Le manifestazioni con pochi aderenti hanno il loro vantaggio. Con poca gente si riesce a cogliere meglio le voci. Mentre mi aggiro discreta tra le persone, la prima frase interessante che sento è quella di un poliziotto che, guardandosi attorno, mormora tra i denti: “ Ma che cazz’é…?”. I suoi colleghi schierati in fila a pochi metri, senza che ce ne sia troppo bisogno, ci scrutano. Alcuni ridono. Altri, faccia dura e impassibile d’ordinanza. Che cosa sia questa manifestazione, il suo perché, al loro riflessivo collega, potrebbe spiegarlo una signora ucraina che mi sta a fianco e parla con un manifestante: “ Io sono della Crimea … lì per ordine di Kiev ci hanno tolto l’acqua. Un’ amica mi ha detto che la gente si affacciava alla finestra e sparavano contro. Perché la gente non vuole parlare di questo? Se Kiev vuole andare in Europa, che ci vada, ma noi no, non lo vogliamo.”
Altro gruppetto, altra conversazione:
“Ma c’è qualche giornalista italiano?”
Risata e una parola: “Nessuno”.
Tra le categorie non pervenute, quella dei politici di spicco, impegnati molto probabilmente nella propaganda per un’ Europa a cui la gente che è qui non crede più.
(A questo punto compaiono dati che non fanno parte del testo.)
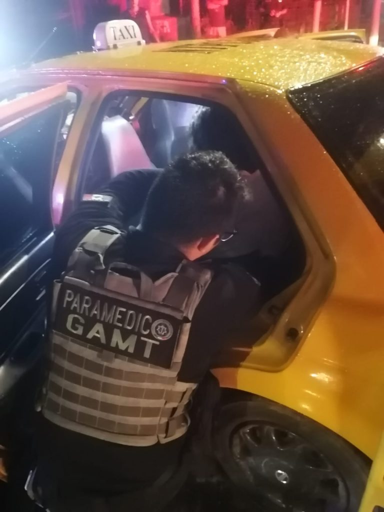 La Secretaría de Seguridad y Protección Ciudadana a través de la Unidad Médica Táctica de la Policía Estatal brinda atención médica temprana a tres (3) personas que resultaron lesionadas por accidente automovilístico en la ciudad de Tepic.

Il corteo con in testa donne ucraine e russe che tengono in mano garofani rossi per le vittime di Odessa si avvicina ai poliziotti e chiede di poter avanzare di qualche metro, dopo che un funzionario sgattaiolato fuori dall’edificio dell’ambasciata ci urla: “ Viva l’Ucraina libera!”. Libera e nazista. Una serie di imprecazioni non gliele leva nessuno. Polizia irremovibile, fate il vostro minuto di silenzio e levate il disturbo, grazie.
Inizia lo sgombero e un vecchierello attacca bottone col suo dialetto strettissimo. Mi invento che sia bergamasco perché mi ricorda la parlata degli attori de L’albero degli zoccoli di Olmi:
“ Signorina, non siamo molti ma questo può essere un inizio ”. Gli sorrido: “Speriamo”.
Due ragazzi passano in Smart e ci guardano con aria interrogativa. Vedono la bandiera rossa e il guidatore si lascia allora andare, con aria soddisfatta: “Viva Hitler”. Del resto siamo pur sempre ai Parioli.